でも、入学式以降はちょっと近づけないオーラが出てたから、声かけづらかったんだ」

「ああ、入学式の後1週間も学校休んでたから、学校行った時にはもうグループができている感じだったし、俺もいろんなことがどうでもよくなってて、人と話すのが煩わしいって感じていたから、そういう態度だったんだ。

でも、話しかけようと思っていてくれてありがとうね」


 奏は涼が、入学式の日とそれ以降の印象があまりにも違っているのは、母親が亡くなって辛かったからだと理解した。


「そうだ、お母さんに写真見せた時に、『友達が撮ってくれたの』って聞かれたから、うん友達ができたんだって言ったら、喜んでいた。

ごめんね、勝手に友達って言っちゃって」

「ううん、私たちはもう友達よ。嬉しい」

「ありがとう。そう言ってくれると俺も嬉しい。それとお母さんが新しい友達によろしく言っておいてねだって」

「はい、よろしくされました」


 そう言って奏は微笑んだ。

涼は奏と友達になれたことが嬉しかった。


(この優しい友達の力になってあげたいな。彼女の問題は何も解決していないんだし……)


「あのさ、栗山さん」

「何?」

「友達になったばかりで、こんなこと厚かましいかなって思うんだけど」

「? なんでも言ってみて」

「うん、その、なんで泣いていたのかなって思って、よかったら話くらい聞けたらなって。

でも、無理ならいいんだよ。辛いよね」


 じっと、涼を見つめて来る奏


「でも、羽山君と比べたら、大したことないんだよ。私のことなんて。

羽山くんの方が辛いのに、私の話を聞いてもらうのは悪い気がする」

「栗山さん。確かに亡くなった直後は辛かったけど、これまでの間にだいぶ気持ちは落ち着いたんだ。

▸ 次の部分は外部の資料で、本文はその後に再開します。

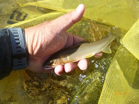 | 久しぶりに鮎心会メンバーの集まりです。場所は長良川中央戸田裏。近くてイイ。ここは広くてポイントバリエーションも多く好きなところです。今回も先週の大会と同じく、あまり動かず如何に掛けるか?を試したいと思います。但し大きいのが出るかもしれないので竿はバーサトルH2.75です。タープを張って8時頃開始。深瀬からの駆け上がり平瀬から。まずはあまりたち込まず手前から丁寧に。流れの中でテンション抜き気味を強く意識して待つ。気配が出てビューン!20p位のきれいな鮎。大きさの割に良く引きます。替えて出すと2匹目もすぐに掛かった。ええ感じや!3匹目も続いた!プチン!エムステージ0.07の途中で切れた。大会や郡上で散々使ったやつだったので傷んでいたのでしょう。また1匹目の天然で探る。チビが1匹掛かり、それが良い奴を釣れてきたが、それをおとりにしてまたドンブリ!アカン!ペースが掴めず掛かりも遠のく。11時まで8匹くらいか。最後に掛かった野鮎を使わず午後用に取っておく。廻りは結構掛かっていた。3時間ほど休憩?宴会?して朝と同じポイントに立つ。朝はドンブリ連発で調子が出なかったのでやり直し。とっておきの未使用ビンビンおとりを送り出す。すぐに掛かったが飛んできたのはビリ!で2匹とも飛んでった?はい、本日3杯目のドンブリを喰らう。付糸を止める編み込み上がカールしていたのでちょっと心配していましたが、まさにそこで切れていた。さらに!それをスプールに巻こうと咥えていたのに、あちこちの孔が緩みだしたおっさんにエムステージの細い糸をきっちり咥えるのは無理だったようで、スルッと流れへ。大損害。ドンブリするとほんとペースが狂います。なんとか持ち直そうと動きながら探る。ギューン!反撃の1匹や!ブチン!また切れた!いつも大会で新品を使い、その後はそれを使いまわしています。この日は使い古しのエムステージ0.07号4個が全部メタル部分で切れた。枝葉が引っかかってうまく取れたと思っていてもキンクさせるとやっぱり駄目ですね。1日4回ドンブリはなかなかないな。掛からない時間が長くて夕方チャンスタイム。少し下って榎本師匠ご漁場の瀬肩へ。浅場でまっ黄色が連発。ちょっとだけ溜飲を下げて納竿。残ったのは20匹でした。この日は全体的に活性高くて良く掛かっていたので、チャンスだったのにしくじりました。 さて翌朝。7時から開始します。昨日は散々だったので仕掛けはシモマゼで使ったメタマグナム0.09です。絶対に切れんぞ。エムステよりちょっと入りにくいのでおもり常用で丁寧に。朝2時間は良く掛かって、日が高くなるとこの日はなぜか低活性。11時まで14匹。斉藤師匠は一人だけ掛かっていて22匹。昨日はお昼ごろも良く掛かっていたのになぜか厳しい。天然鮎は気まぐれです。2時頃からカミナリ鳴ってきて3時前に納竿。午後は3匹しか釣れんかった。 中央ですが、鮎は多いですね。でもこのポイントでは荒いところはやっていないですが最大でも21p程度でした。ビリも掛かります。タイミングと場所次第では良い釣りができる感じです。 |

俺が今日感じたのは49日っていうのは遺族にとって、気持ちを整理するために必要な期間なんだってこと。

もちろん、まだ悲しくなる時もあると思うけど、これからは前を向いて行く必要があると思うんだ。

だから、友達である栗山さんの話も聞きたいと思う。

それが自分のためにもなるし、栗山さんが話すことで少しでも楽になれば俺は嬉しい」

「羽山君は強いんだね。じゃあ、お言葉に甘えて聞いてくれるかな」


 涼は、奏の言葉を聞くとパァッと、嬉しそうな顔をする。


(この人なんでこんなに嬉しそうにしてくれるんだろう)

 

 奏は疑問に思いながら、話し始める。